**WHAT YOU NEED TO DO**
Using the data below, output a verbatim copy of the lines between the one holding "岡本一平《写生(海芋)》 明治38年頃(c.1905) 当館蔵" and the one holding "Förlängd plattform och", inclusive, without any pictures.

Start of DATASET

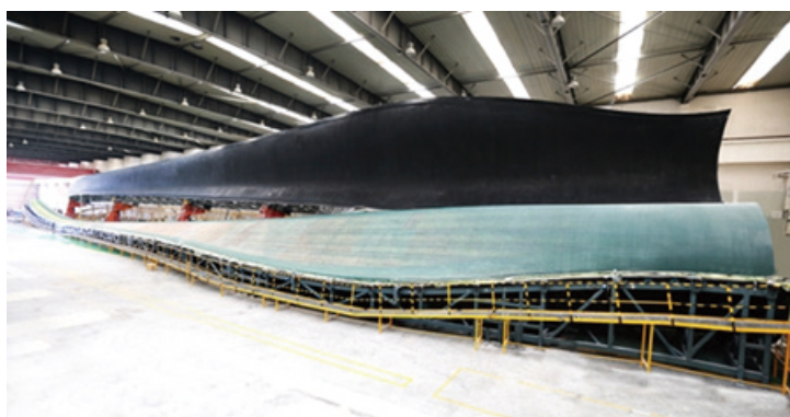
中復連眾自主研發LZ75-5.0海上風機葉片

技術創新是企業持續健康發展的動力，2016年10月，本集團成員企業中復連眾自主研發的LZ75-5.0海上風機葉片在連雲港葉片工廠順利下線。該型葉片長75米，為5.0兆瓦主機配套，設計重量30噸，為抗颱風型風機葉型，可以全面滿足海上風電發展對大型葉片的需求。LZ75-5.0海上風機葉片的成功下線，標誌着中國風電葉片設計和製造技術已達到國際先進水平。
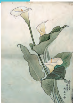
岡本一平《写生(海芋)》 明治38年頃(c.1905) 当館蔵
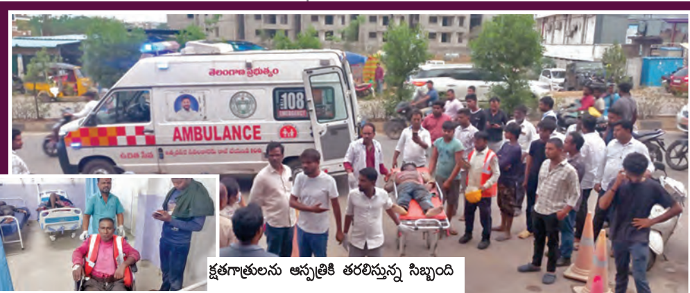
క్షతగాతులను ఆసుపత్రికి తరలిస్తున్న సిబ్బంది

శంకరపల్లి, ఏప్రిల్ 27, ప్రభాతవార్త : రంగారెడ్డి జిల్లా శంకరపల్లి మండలంలో సోమవారం మధ్యాహ్నం ఘోర ప్రమాదం సంభవించింది. ప్రముఖ నిర్మాణ సంస్థ ఎన్.సీ.ఐ. లిమిటెడ్ ప్రాజెక్ట్ పనుల్లో భాగంగా వినియోగిస్తున్న ఒక భారీ క్రేన్ ఒక్కసారిగా
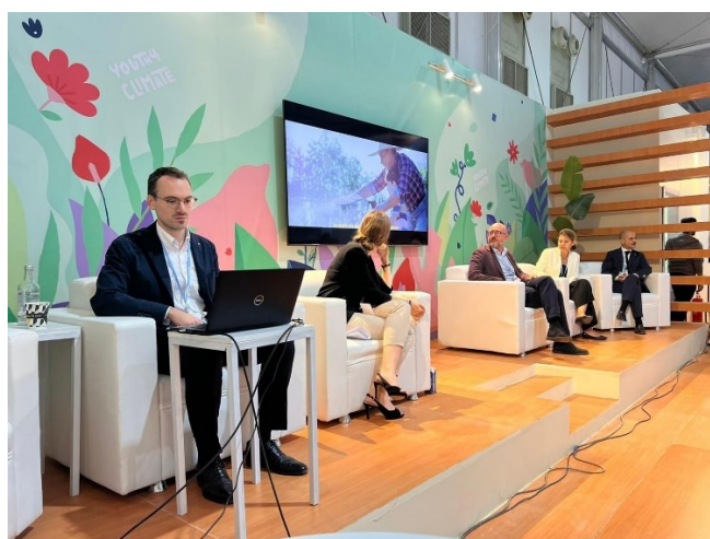
Immagini della partecipazione di LIFE CLIMATE SMART CHEFS al side event “ Climate is LIFE: Italian project solutions for fighting climate change ”, in occasione della UNFCCC COP27 di Sharm El Sheikh.
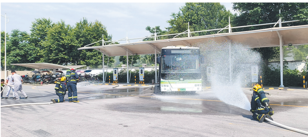
充电的公交车突然“起火”，消防紧急扑灭。长沙晚报全媒体记者 周小华 摄

“报告监控中心！公交车发生事故，有乘客受伤，后车追尾有人被困！”驾驶员第一时间按下一键报警按钮。随即，视频监控中心、运营调度中心、车队负责人、公安交警……一条横跨跨
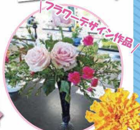
フラワーデザイン作品
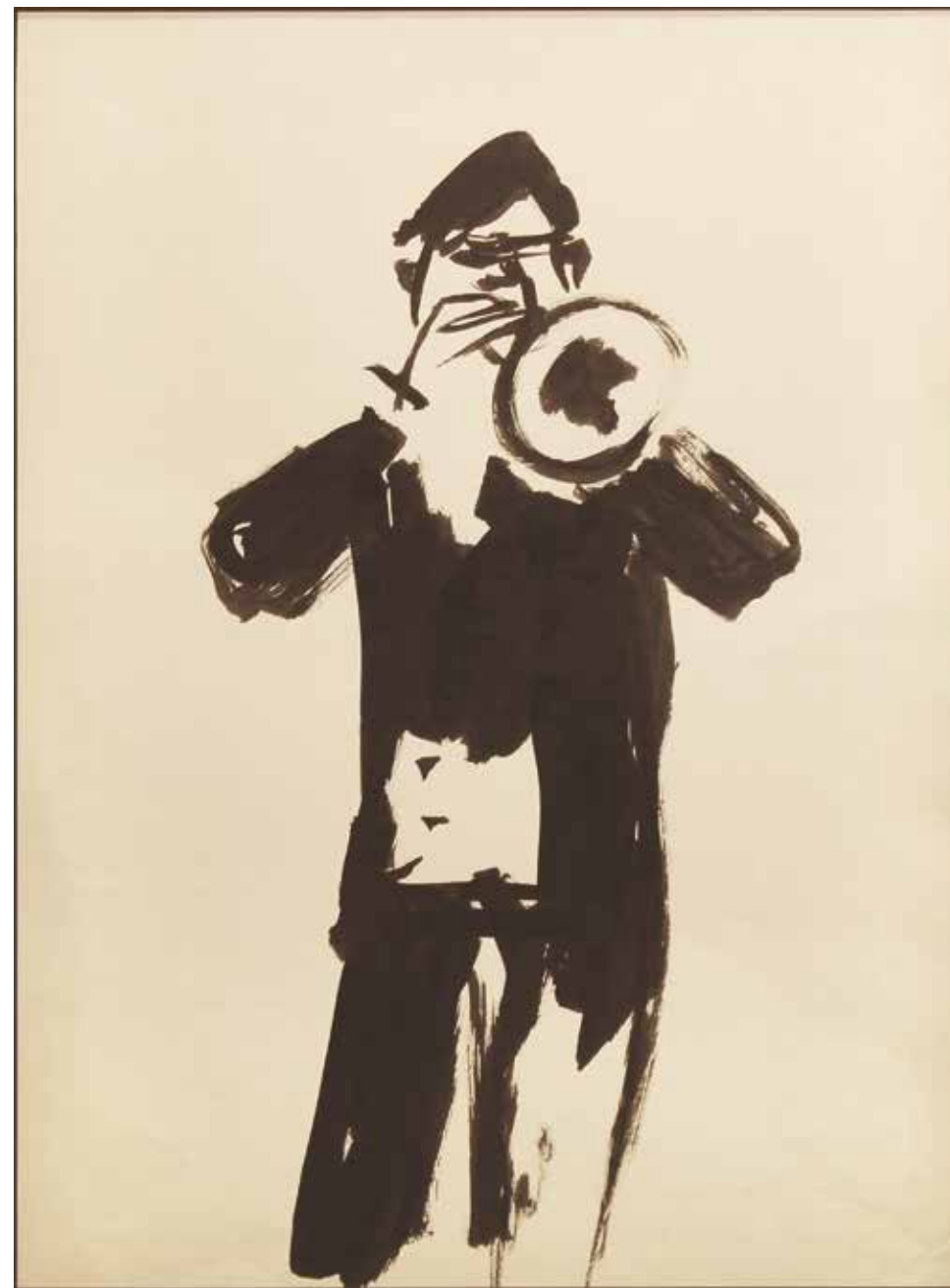
Sin título Tinta sobre papel - Año: 1958 Medidas: 40 x 30 cm
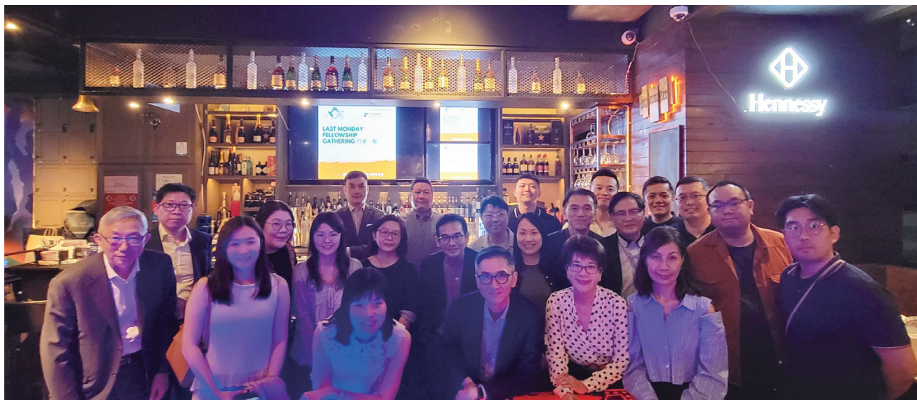
富勤保險的團隊與本會留下美好的合照。

Sponsored by Falcon Insurance Company (Hong Kong) Limited
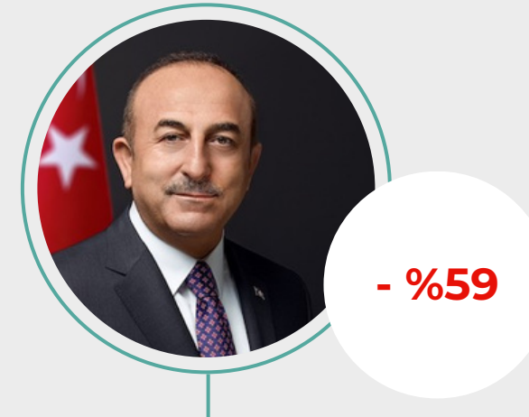
2. Mevlüt Çavuşoğlu
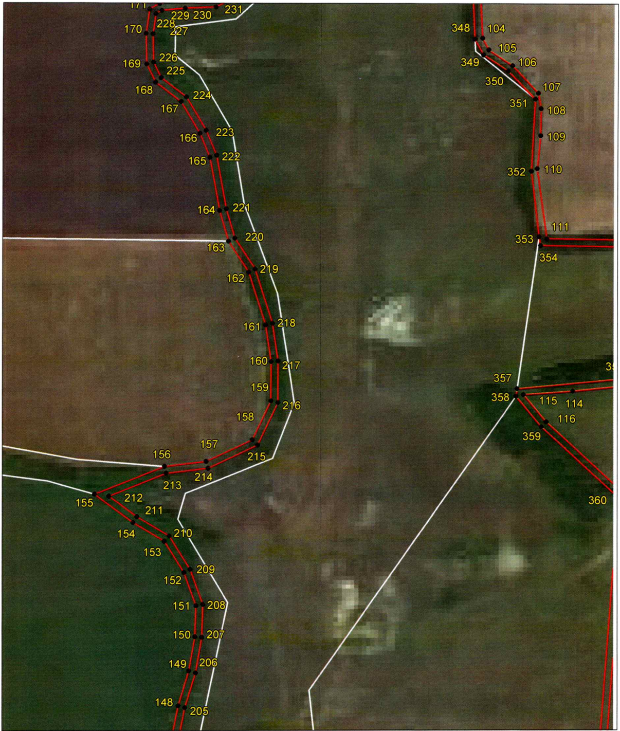
Выносной лист 5
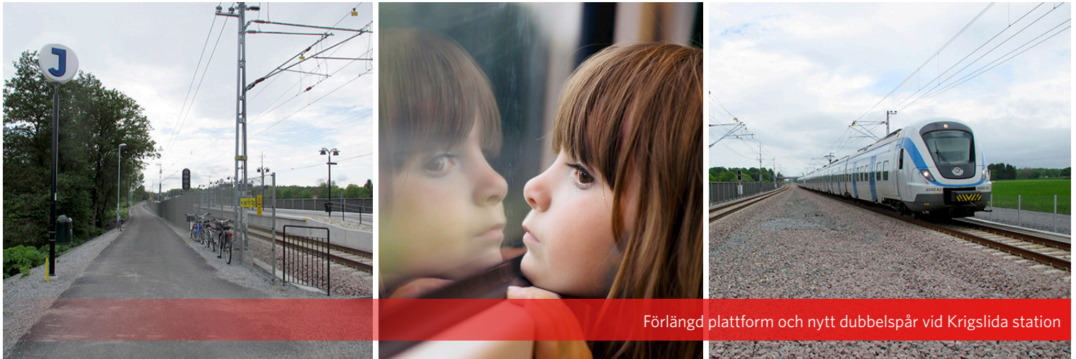
Förlängd plattform och nytt dubbelspår vid Krigslida station
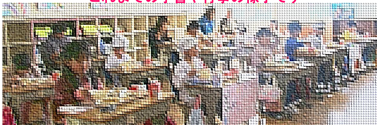
(↑ : 来年度入学予定の年長児さんと1年生との交流給食の様子)
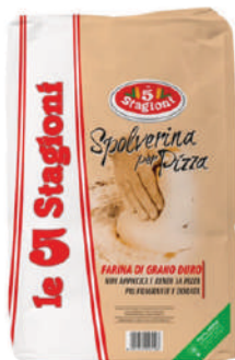
LE 5 STAGIONI SPOLVERINA 10KG 33012A - SACCO
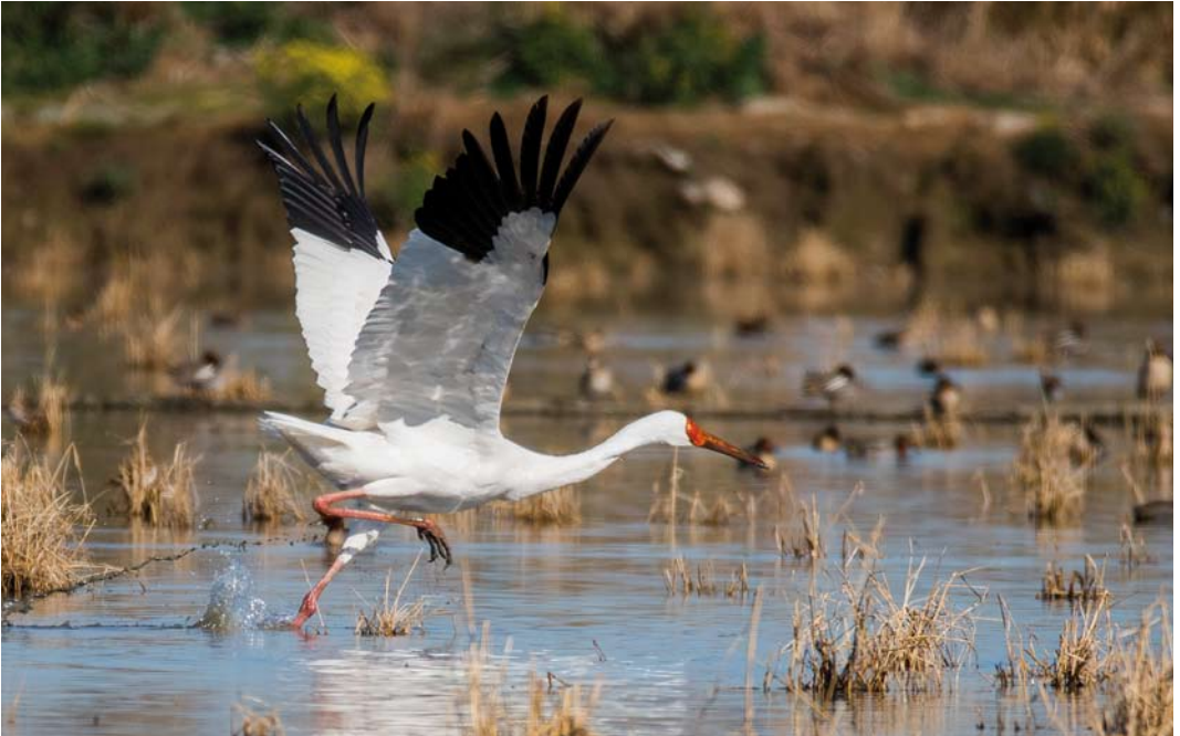
322 Siberian Crane / Siberische Witte Kraanvogel Grus leucogeranus , adult male ('Omid'), Fereydunkenar, Mazandaran, Iran, 30 January 2017 (Hamed Tizrooyan)
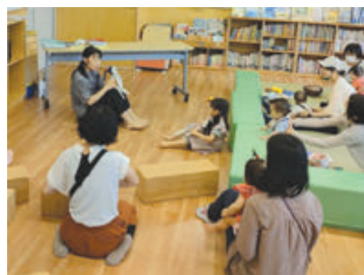
神奈川図書館 地域子育て支援拠点でのおはなし会

学校からの依頼に応じて、図書館見学、職業体験、職業インタビュー等を全館で受け入れました。司書が学校図書
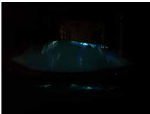
LE MONDE SUSPENDU 2011 Installation vidéo
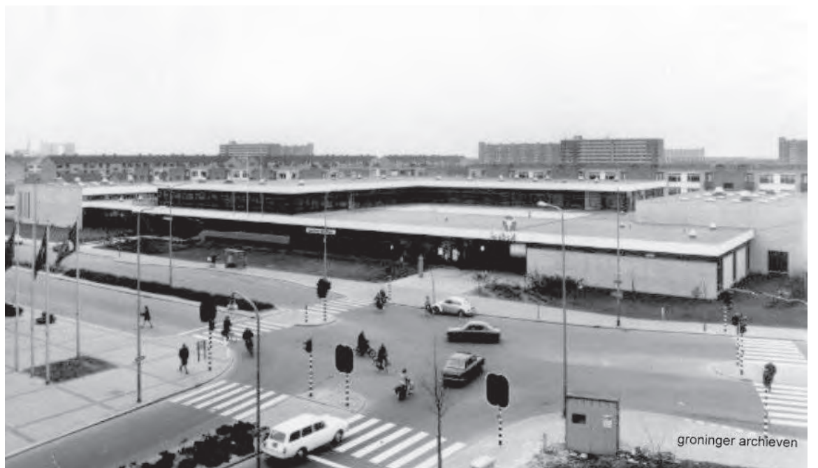
De Trefkoel

Twee dagen later, op woensdag 16 oktober 1968, was er de gelegenheid voor de ouders en ouderen in de wijk om een soortgelijke bijeenkomst bij te wonen ook in De Boerderij. Daar kwam de wens naar voren voor een dagverblijf voor kinderen, waarvan de moe-
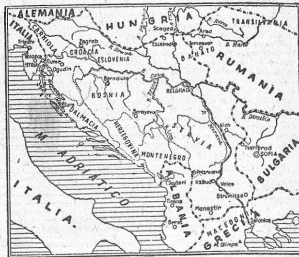
Mapa de Yugoslavia en el que se señalan los antiguos reinos que la componen, y su extensa frontera con países firmantes del pacto tripartito.

Budapest, 29.—Radio Belgrado anuncia que ha sido proclamado el estado de sitio en Yugoslavia. Esta medida ha sido además anunciada por medio de carteles en la vía pública. La emisora de la capital yugoslava ha invitado a la población a seguir las órdenes del Ejército, con objeto de impedir a los elementos extranjeros que aprovechen la situación para perturbar el orden interior.—Efe.

End of DATASET

**RESPONSE TO THIS EXERCISE**
岡本一平《写生(海芋)》 明治38年頃(c.1905) 当館蔵
క్షతగాతులను ఆసుపత్రికి తరలిస్తున్న సిబ్బంది

శంకరపల్లి, ఏప్రిల్ 27, ప్రభాతవార్త : రంగారెడ్డి జిల్లా శంకరపల్లి మండలంలో సోమవారం మధ్యాహ్నం ఘోర ప్రమాదం సంభవించింది. ప్రముఖ నిర్మాణ సంస్థ ఎన్.సీ.ఐ. లిమిటెడ్ ప్రాజెక్ట్ పనుల్లో భాగంగా వినియోగిస్తున్న ఒక భారీ క్రేన్ ఒక్కసారిగా
Immagini della partecipazione di LIFE CLIMATE SMART CHEFS al side event “ Climate is LIFE: Italian project solutions for fighting climate change ”, in occasione della UNFCCC COP27 di Sharm El Sheikh.
充电的公交车突然“起火”，消防紧急扑灭。长沙晚报全媒体记者 周小华 摄

“报告监控中心！公交车发生事故，有乘客受伤，后车追尾有人被困！”驾驶员第一时间按下一键报警按钮。随即，视频监控中心、运营调度中心、车队负责人、公安交警……一条横跨跨
フラワーデザイン作品
Sin título Tinta sobre papel - Año: 1958 Medidas: 40 x 30 cm
富勤保險的團隊與本會留下美好的合照。

Sponsored by Falcon Insurance Company (Hong Kong) Limited
2. Mevlüt Çavuşoğlu
Выносной лист 5
Förlängd plattform och nytt dubbelspår vid Krigslida station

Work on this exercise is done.